I have some additional doubts about the majority’s discussion of Louisiana preclusion law. See La.Rev.Stat.Ann. art. 13:4231 (West Supp.1987). The majority hold that claim preclusion does not apply because the LCSC had no authority to grant the relief Mrs. Frazier was awarded here. That proposition may be true, but it is not established by the case they cite, Robertson v. Popeye’s Famous Fried Chicken, 524 So.2d 97 (La.App. 4th Cir.), writ denied, 526 So.2d 802 (La.1988). Robertson held that Louisiana res judicata does not bar a plaintiff who recovered workmen’s compensation from his employer from suing a third-party tortfeasor.

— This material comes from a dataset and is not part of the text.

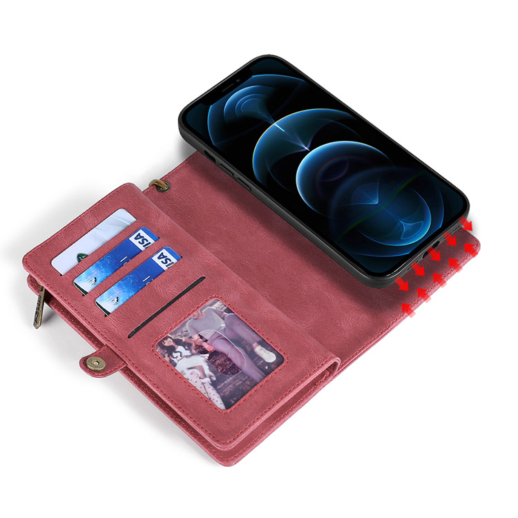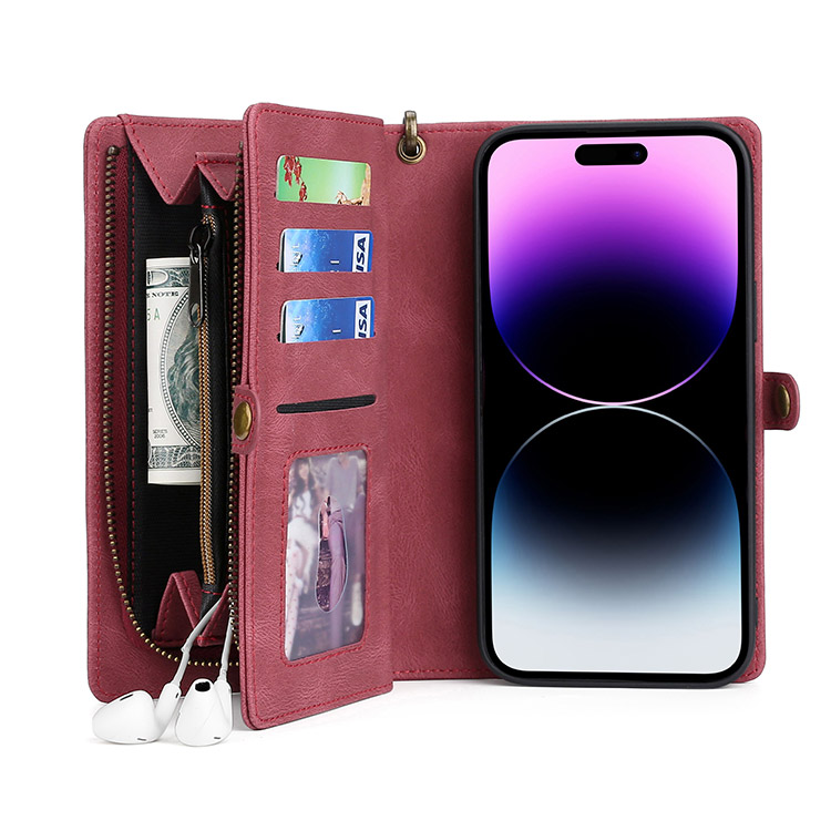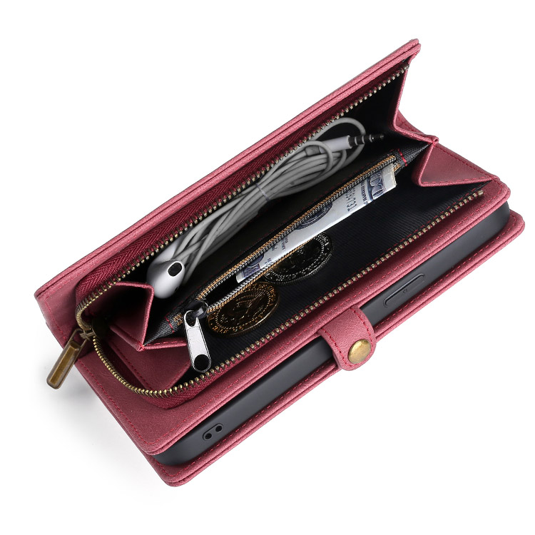 Casebus Classic Detachable Magnetic Wallet Phone Case, 11 Card Slots, 2 in 1, Leather Zipper, Folio Flip, Money Pocket Clutch Case

All three criteria for res judicata — the parties, the causes, and the thing demanded — were held different between the two lawsuits, and it was noted that Louisiana’s workers compensation law specifically preserves a claimant’s right to pursue a third-party damage action in addition to his statutory remedy. 524 So.2d 99. Here, by contrast, the district court held that Louisiana jurisprudence firmly establishes that an LCSC decision is accorded res judicata effect after the time for appeal has expired.2 Further, in Foreman v. Falgout, 503 So.2d 517 (La.App. 1st Cir.1986), the state court held that LCSC has exclusive jurisdiction over disputes involving removal and discipline of state employees, thus preempting a state tort action against his supervisors. The distinction, for res judicata purposes, between Foreman and this case eludes me. *830Consequently, I am dubious of today s ruling on Louisiana claim preclusion law.
. There is no question but that federal law applies in this § 1983 action. The only question is whether the federal common law compels the adoption of an independent federal rule of preclusion or whether it compels the application of a state rule of preclusion.
. The cases it cites, admittedly, generally deal with the Commission's exclusive jurisdiction to award equitable relief to the complaining civil servant. See, e.g., Thomas v. Dept. of Corrections, 430 So.2d 1153, 1155 (La.App. 1st Cir.), writ denied, 438 So.2d 566 (La.1983); Raborn v. La. Health & Hum. Res. Admin., 349 So.2d 903, 904 (La.App. 1st Cir.), writ granted, 351 So.2d 175 (La.1977).